The Washington National Cathedral, seat of the Episcopal Church and one of the nation's most iconic religious monuments, announced Wednesday that it will begin performing same-sex weddings.
The Episcopal Diocese of Washington decided to begin performing the ceremonies in December, just a month after Maryland joined the District in legalizing same-sex marriage. The diocese includes both jurisdictions.
"In my 35 years of ordained ministry, some of the most personally inspiring work I have witnessed has been among gay and lesbian communities where I have served," Rev. Gary Hall, dean of the cathedral, said in a statement. "I consider it a great honor to lead this Cathedral as it takes another historic step toward greater equality."

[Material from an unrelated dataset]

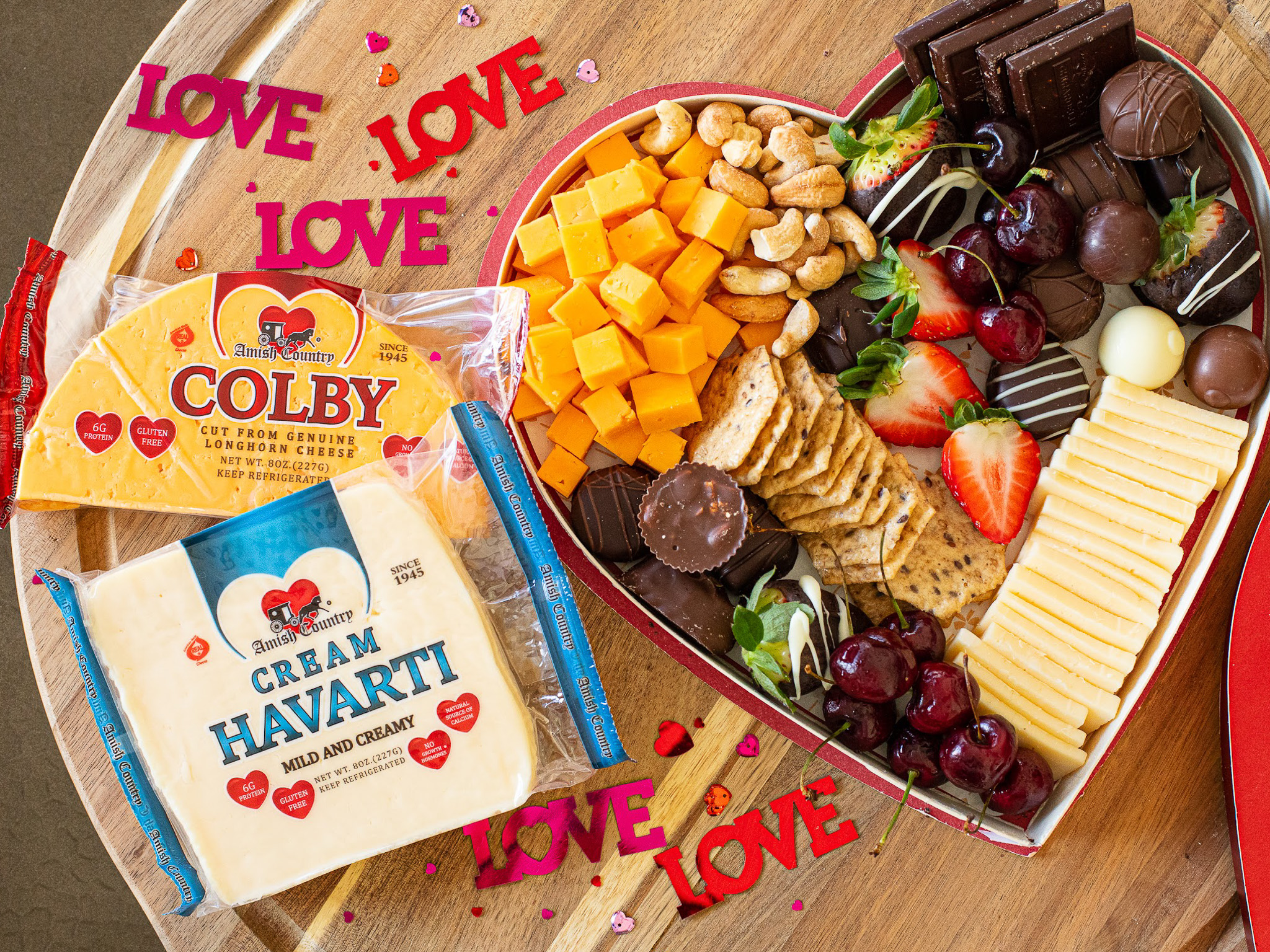 Start with the ultimate Valentine’s duo… Amish Country Cheese and artisan chocolate. Whether you’re planning a cozy night in or a Galentine’s gathering, these pairings prove that opposites really do attract.

The Episcopal Church already allows the blessing of same-sex couples, but its decision to allow wedding services to be performed at the historic cathedral provides a powerful symbol for those pushing to legalize gay marriage nationwide. It could be six months to a year before the first same-sex wedding is performed, because of his busy schedule, officials said.
The Episcopal Church's gradual embrace of gays and lesbians has pushed some of its members to break away in recent years, including several theologically conservative congregations in neighboring Northern Virginia.
The cathedral's announcement reflects shifting opinion in both the Episcopal Church and society at large, said Robert Jones, CEO and founder of the Public Religion Research Institute.
"This past year was remarkable for the sea change that the 2012 election represented, with three states legalizing same-sex marriage and one state defeating a ban on same-sex marriage," Jones said. "I think [the announcement] is one more thing on the national scene that shows the shifting tide on this issue."
Jones said the Episcopal Church's announcement was "no surprise" given that it began ordaining gay clergy in 2009. And a 2008 survey by the Public Religion Research Institute found only 13 percent of Episcopalian clergy opposed legal recognition of same-sex couples.
Gay advocacy groups welcomed the news that the iconic church would host weddings.
"Today marks another milestone in the Episcopal Church's embrace of all God's children, including LGBT people," said the Rev. MacArthur Flournoy, deputy director of the Human Rights Campaign, a gay rights advocacy organization. "Today, the Church sent a simple but powerful message to LGBT Episcopalians -- you are loved just the way you are, and for that we embrace you."